In „Herr und Frau Bulle“ spielt die Berlinerin eine zutiefst bauchgesteuerte Kommissarin, die mit ihrem äußerst pedantischen Mann (Johann von Bülow) Ritualmorde vor der eigenen Haustür aufklärt. Im „Amsterdam-Krimi“ spielt die Endzwanzigerin eine verdeckte Ermittlerin, deren radikal älterer Kollege und Lover (Hannes Jaenicke) mit ihrer Hilfe ein holländisches Drogensyndikat sprengt.

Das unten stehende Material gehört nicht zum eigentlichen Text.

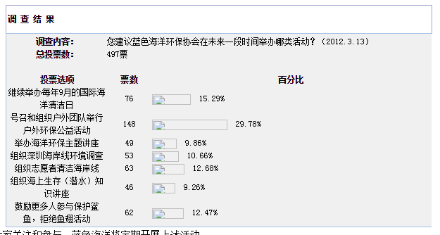 [调查结果]您建议蓝色海洋环保协会在未来一段时间举办哪类活动?(2012.3.13)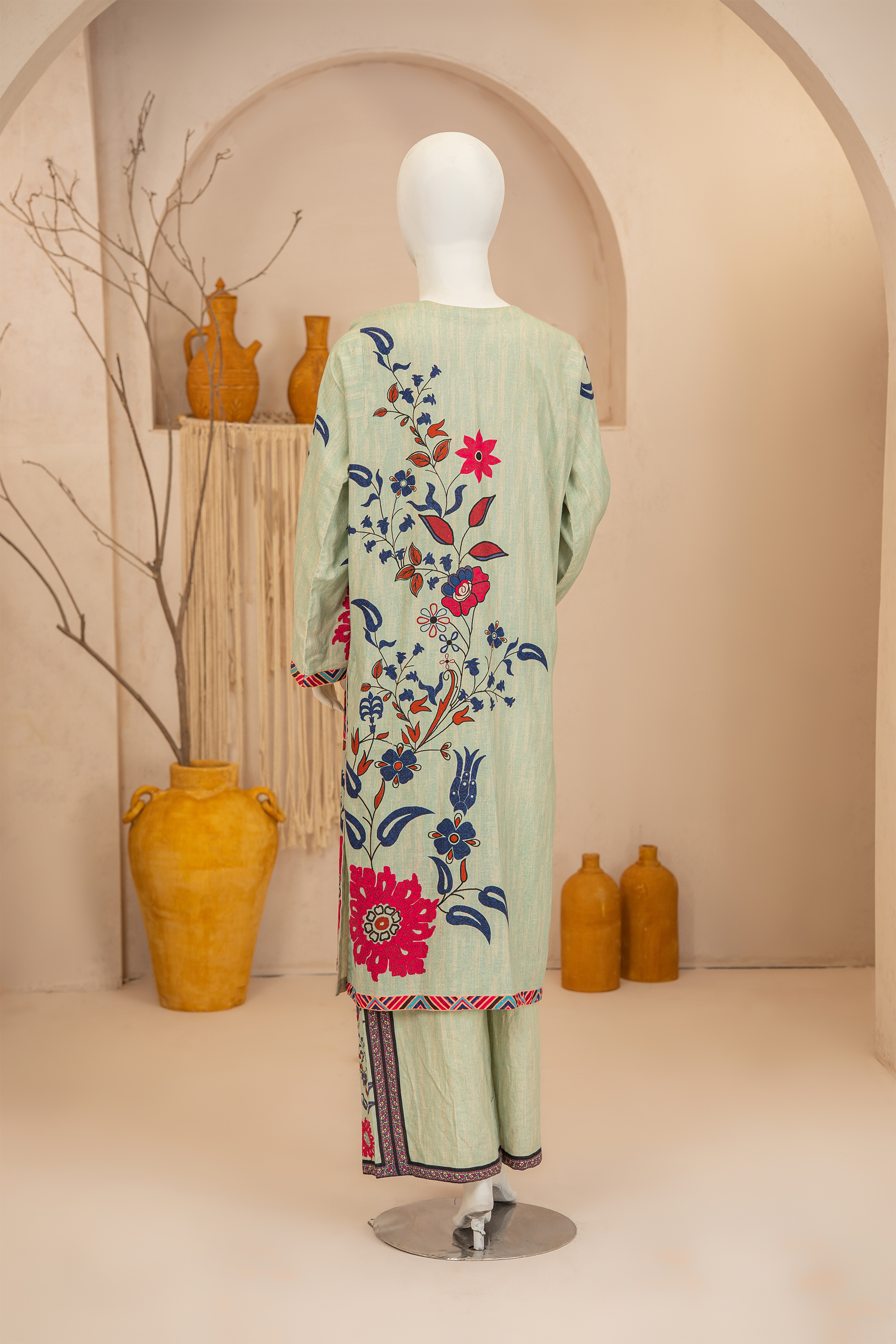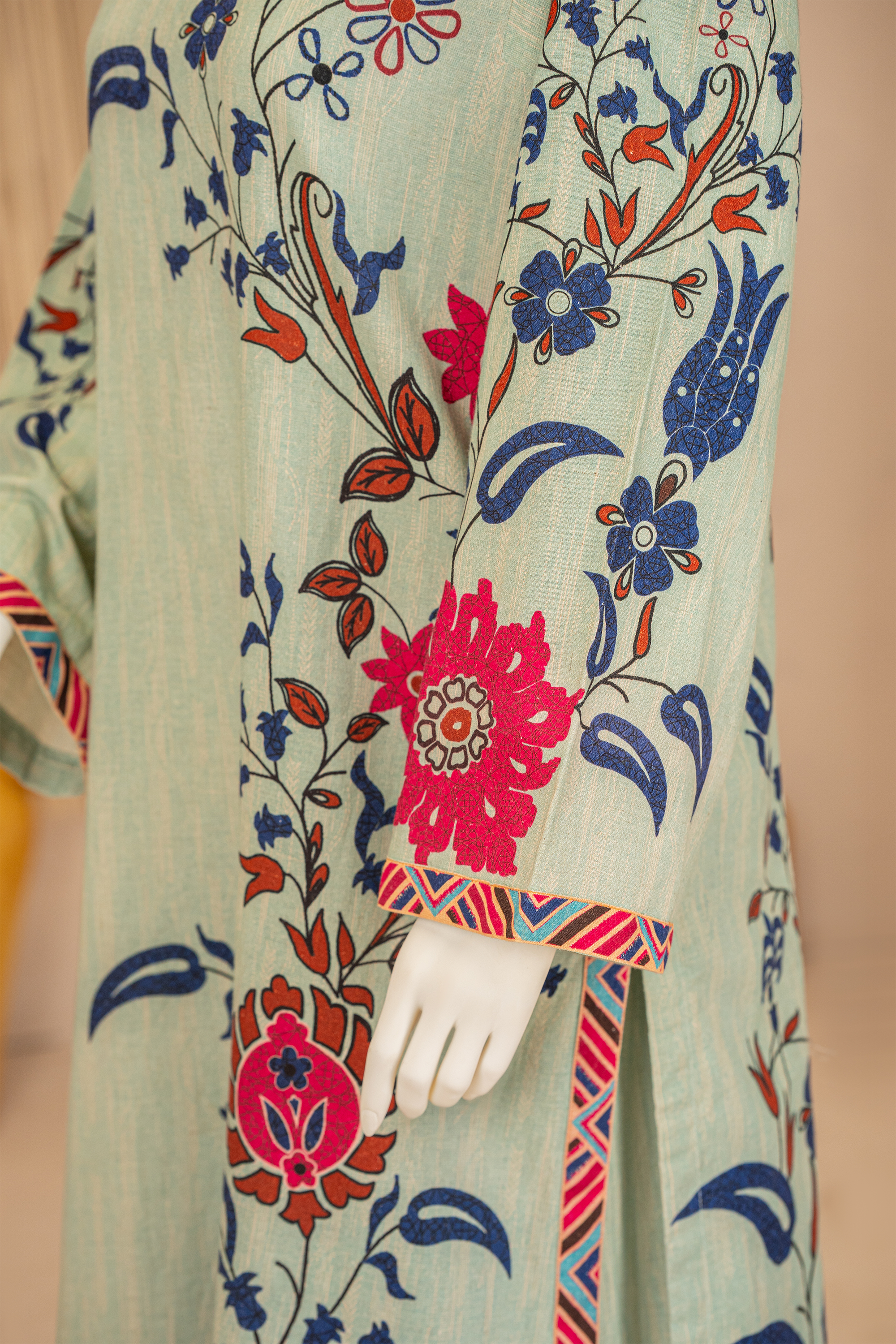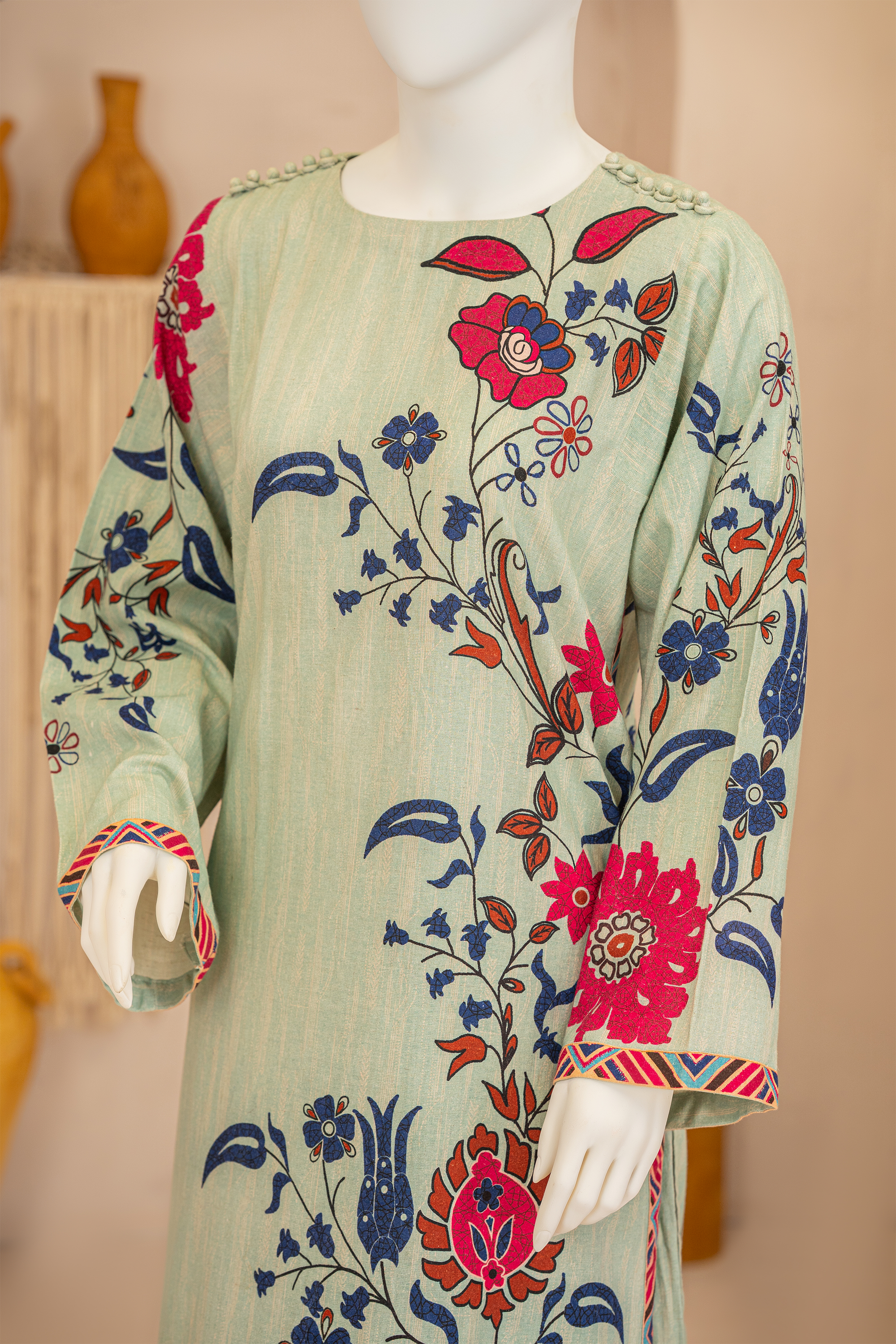 A minimalist yet captivating co-ord set featuring contemporary floral and botanical digital prints on both front and back, creating a fresh and sophisticated appeal. The long kurta is styled with a boat neckline and delicate loop detailing at the shoulders, paired with printed trousers for a cohesive, polished look.

Leicht schüchtern zwar, aber berlinerisch offen

Während das ZDF nach dem missratenen Drehbuch von Axel Hildebrandt versucht, dramaturgische Magerkost mit drolliger Heiterkeit aufzupeppen, rührt Peter Koller der unglaubwürdigen ARD-Story einer Polizistin, die sich ins Bett und Herz von Sascha Alexander Gersak als Gangster schmuggelt, etwas Würze ins fade Thriller-Allerlei.

Was mehr in die Hose geht, ist Ansichtssache. Weniger Interpretationsspielraum lässt die Leistung der Hauptdarstellerin. Seit sie vier Jahre nach ihrem Filmdebüt, für das sich die Tochter einer neuseeländischen Künstlerin eigenständig beworben hatte, mit 14 die Hauptrolle in Philipp Stölzs Lolita-Stoff „Baby“ übernahm, ist die rätselhaft-schöne Dwyer auf grüblerische Figuren mit präziser Mimik gebucht.

Wie ihr Mann Sabin Tambrea oft passend zum dunklen Haar kostümiert, setzt ihre leicht sperrige Schönheit selbst in polyesterbuntem Historytainment wie „Starfighter“ und „Honigfrauen“ Kontraste zur Effekthascherei ringsum. Und anders als ihre zwei neuen Krimis anfangs suggerieren, bleibt sie dem Hang zur farblich untermalten Melancholie auch hier treu.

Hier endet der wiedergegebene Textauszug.